Of course, an important fact to keep in mind as we explore this is that Bollywood does not refer to the entire Indian film industry. In fact, it only refers to those films whose central language is Hindi (It would be more accurate to call it Hindustani, as the language spoken now in movies is a fusion of Hindi and Urdu). Other parts of the Indian film industry too have their own derivates of Hollywood. For example, Tollywood refers to the Telugu film industry, or sometimes to the Kannada-based Bengali film industry.

Shilpa Shetty is vehemently against the use of the term as well. At one point, she exclaimed, “Don’t call it Bollywood, I would kill you if you do that. It’s like calling French cinema Follywood!”

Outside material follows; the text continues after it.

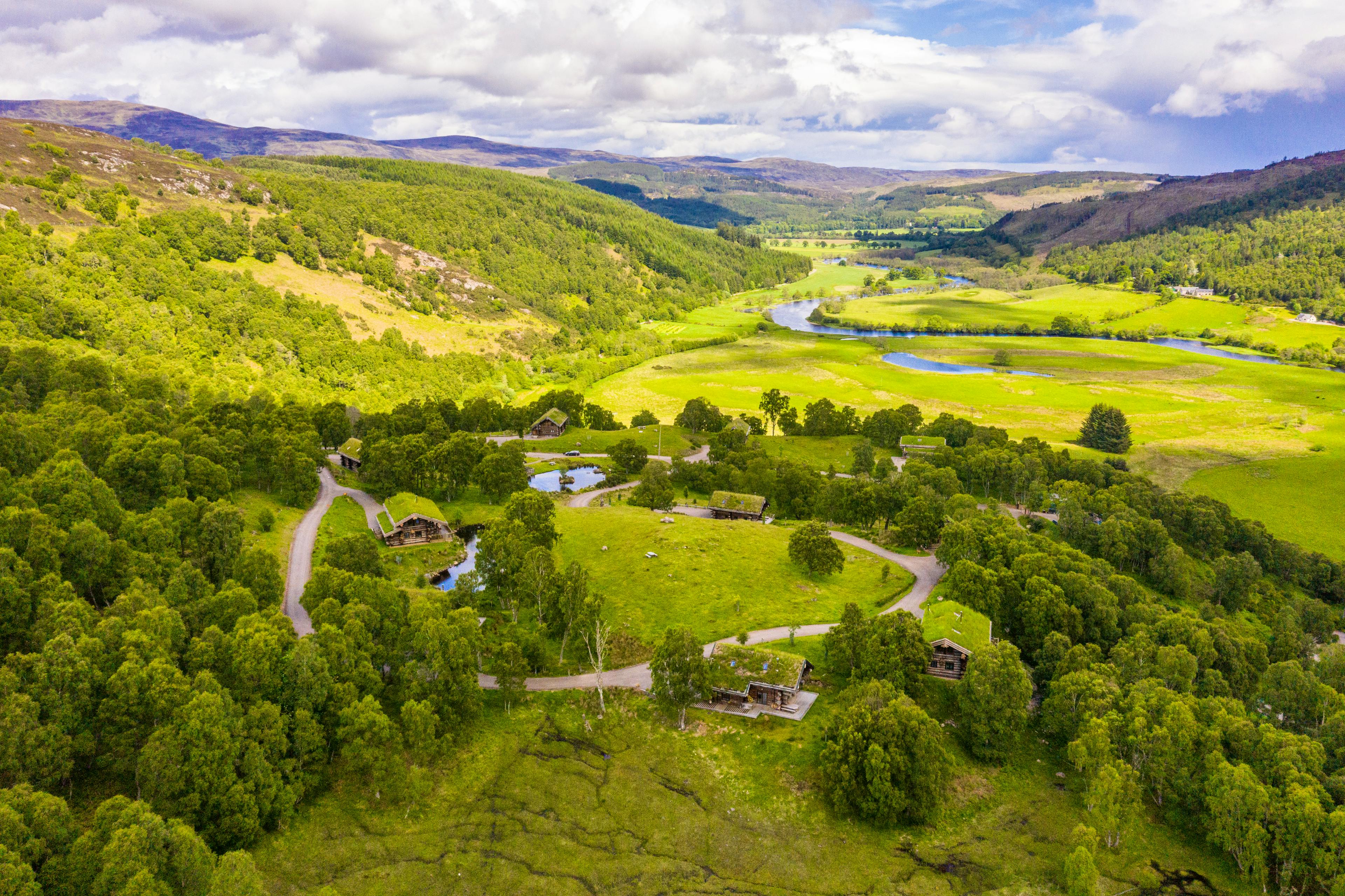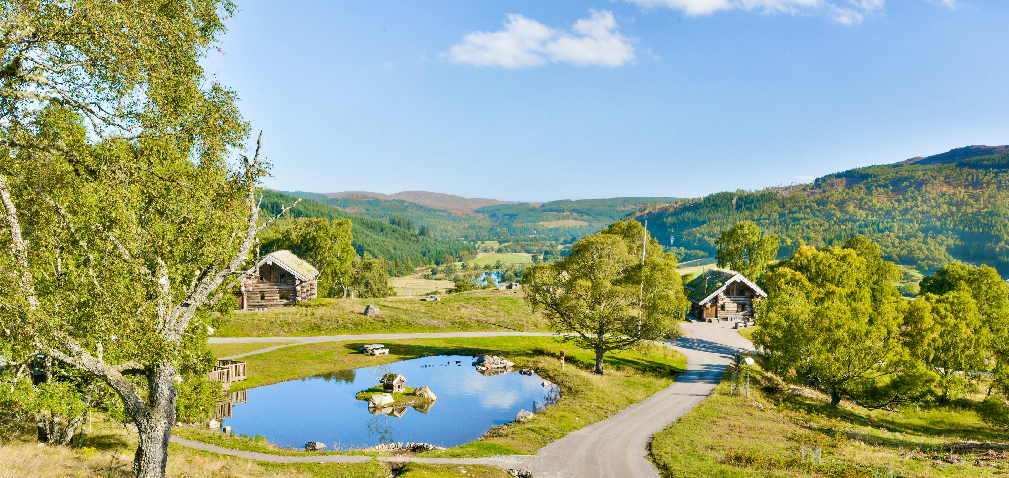 Luxurious, hand-crafted log cabins nestled in the spectacular scenery of the Scottish Highlands for an eco-friendly escape.

Despite the fact that so many people dislike the use of the term, there is no denying its popularity. Anybody in the streets can tell you what Bollywood is and in casual conversation, people will more likely be saying Bolywood than Hindi film industry. Actors and actresses, for all that they say, still eagerly participate in award functions and shows overseas that use Bollywood in their title. For example, ‘Bollywood Nights’ or ‘Bollywood World Tour.’

And the last indisputable piece of evidence that signifies its popularity? The word was added into the Oxford-English Dictionary in 2003. Amitabh Bachchan, for one, readily accepted this. He said, “It has been perhaps very judiciously put into the dictionary. So, it will stay with us for eternity.”

There are some, however, who pay no heed to it. “I suppose people mind it but it’s just a name. It doesn’t really matter,” actor Manisha Koirala said nonchalantly.

Doesn’t it? Even though it has stuck around for so long, it’s up to us to raise our voices. Like Mahatma Gandhi said, “Be the change you want to see in the world.” Quoting from a film of the Hindi film industry: “There are two types of people in the world: those who watch things happening and let them happen…and those who take the responsibility to change them.” {Rang de Basanti, idiots!}

What it all comes down to is this: If you think ‘whatever, it’s just a name’, well then everything’s just dandy for you isn’t it? However, if you feel that it undermines an integral part of our cinema…well then you better do something about it!